The surveys have their own issues, and whether those are real or simply perceived issues is always a question open for debate.
 
Eric and Gerald are cabable of answering for themselves, but this is my take:

There has been a lot of discussion relative to how FWP survey's deer and how those counts might be flawed based on where the fly and time of year. Here is their evaluation of survey protocols: https://fwp.mt.gov/binaries/content...ahm/4f---survey_protocols_mule_deer_final.pdf

People have their own opinions so they say things that others may or may not. I think extending some grace to folks who are volunteering their time, energy and cash to a project like this is important. I get accused of not saying anything while talking too much, for example.

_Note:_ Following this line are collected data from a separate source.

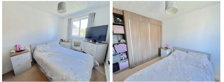
Bedroom One 8'0" x 13'4" (2.44 x 4.07)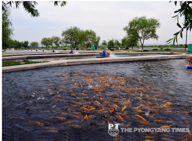
RYANG KUM CHOL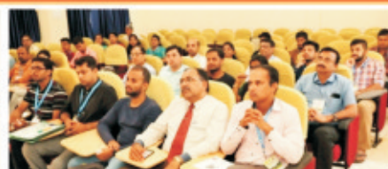
Trainees at Utkarsh Capacity Building Workshop attending a Session at UAS, Dharwad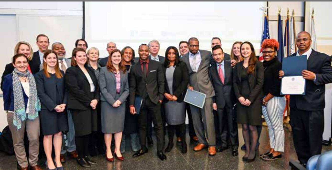
Third ICJ graduation at John Jay College of Criminal Justice. March 2019.

Inside Criminal Justice, a joint initiative of The Manhattan D.A. Academy, the Institute for Innovation in Prosecution at John Jay College of Criminal Justice, and the Center for Justice at Columbia University, is a semester-long seminar comprised of individuals incarcerated at Queensboro Correctional Facility and prosecutors from the Manhattan District Attorney's Office.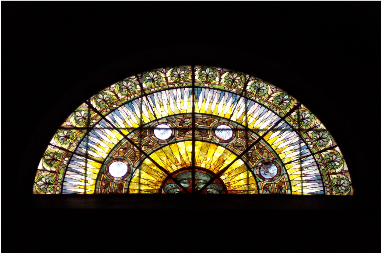
One of the original 1854 lunette windows in the former St. Mary's German Catholic Church

At the end of Lockhart, on the south side, is St. Mary's German Catholic Church, built in 1854, and has been restored as a reception hall for medium-size (350-550) gatherings. Its new name is Pittsburgh's Grand Hall at the Priory. It was erected at a time of strong anti-Catholic feelings and was built with only the small, high, lunette windows on the front and sides and a rooftop skylight. The front entry vestibule was added in 1900 and the present, stained-glass windows on the sides were added in 1911.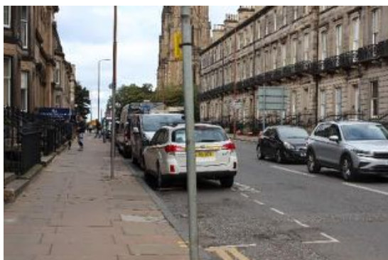
Figure 12 Palmerston Place, west side, corner of West Maitland Street, looking north.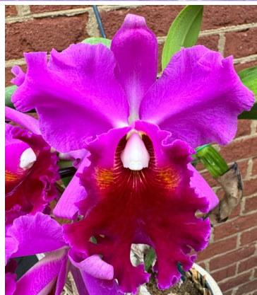
Rlc. Crispin Rosales 'Sandra Spearman' AM/AOS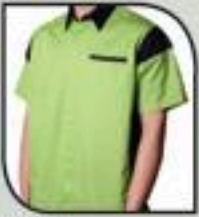
U402 Apple Green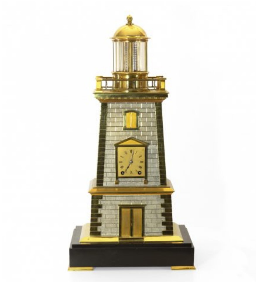
Antique clock automaton by Guilmet, France

The data that these guys used was around resident/NR splits, who is killing what, increase in hunter pressure, the likelihood of the phone surveys having a declining confidence rate is the driving force behind the mandatory reporting piece.

The surveys have their own issues, and whether those are real or simply perceived issues is always a question open for debate.
Sorry, not trying to attack anyone. I appreciate the members work. I know there was a lot of information they wanted to share and some of the comments may have been meant for some data and not others. It wasn't clear and left me asking for more. The problem with any recording is there is no way for a listener to ask them to stop and go back and expand. Im mostly just curious. And I agree, all data has its problems.
 
Sorry, not trying to attack anyone. I appreciate the members work. I know there was a lot of information they wanted to share and some of the comments may have been meant for some data and not others. It wasn't clear and left me asking for more. The problem with any recording is there is no way for a listener to ask them to stop and go back and expand. Im mostly just curious. And I agree, all data has its problems.

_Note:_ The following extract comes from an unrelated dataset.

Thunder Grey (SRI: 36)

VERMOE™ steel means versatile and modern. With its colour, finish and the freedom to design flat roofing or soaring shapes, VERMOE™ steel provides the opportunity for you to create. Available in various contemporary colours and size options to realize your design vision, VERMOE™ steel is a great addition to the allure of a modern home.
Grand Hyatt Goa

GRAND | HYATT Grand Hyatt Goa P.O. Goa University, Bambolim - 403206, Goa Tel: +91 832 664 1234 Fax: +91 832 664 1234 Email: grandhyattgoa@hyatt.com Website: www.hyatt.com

It does get tough when you have a couple hours to talk, and months worth of work to go over!
 
As @Ben Lamb says, I will let Eric explain his opinion about the trustworthiness of how FWP gathers its data. That was his quote about flight surveys in Region 6, an area that is his area of expertise and not mine. Also, we’re a pretty diverse
group and each of us has the freedom to have our own personal opinions.

Speaking for myself with my own personal opinion, I trust the data that FWP collects on wildlife surveys, population estimates, as the best available data since they are the only ones that have the funding and expertise to collect it. When it comes to hunter behavior, hunter harvests and those portions of wildlife management that pertain to human activity, I believe their data is much less robust than it could be. Mandatory reporting could provide more information on human activity to give decision makers a better understanding of what factors they are dealing with.


I believe that FWP bases management decisions in part with data about human behavior that could be far more robust given that hunters overwhelmingly support giving FWP information about their activities. Harvest data, hunter behavior and biologists’ in the field collected data of the resource should all be considered when making management decisions.

More data available enables accountability and verification of the decisions that are made based on interpretation of the data.

My own personal opinion is that FWP does interpret at least some of the collected data to bolster their image of an agency that does a great job, rather than letting the public decide for themselves. A case in point was their explanation of the results of the mule deer hunter survey that they claim show a significant majority of hunters are pleased with their experience mule deer hunting.

I have the opinion that in many instances where hunter/stakeholder perception is that the resource is showing signs of being overexploited and not doing well, FWP management/spokespersons have consistently downplayed concerns as nothing to be alarmed about and didn’t require any management changes. When change did occur after those initial concerns were raised it usually took public pressure to change agency stance and change policy.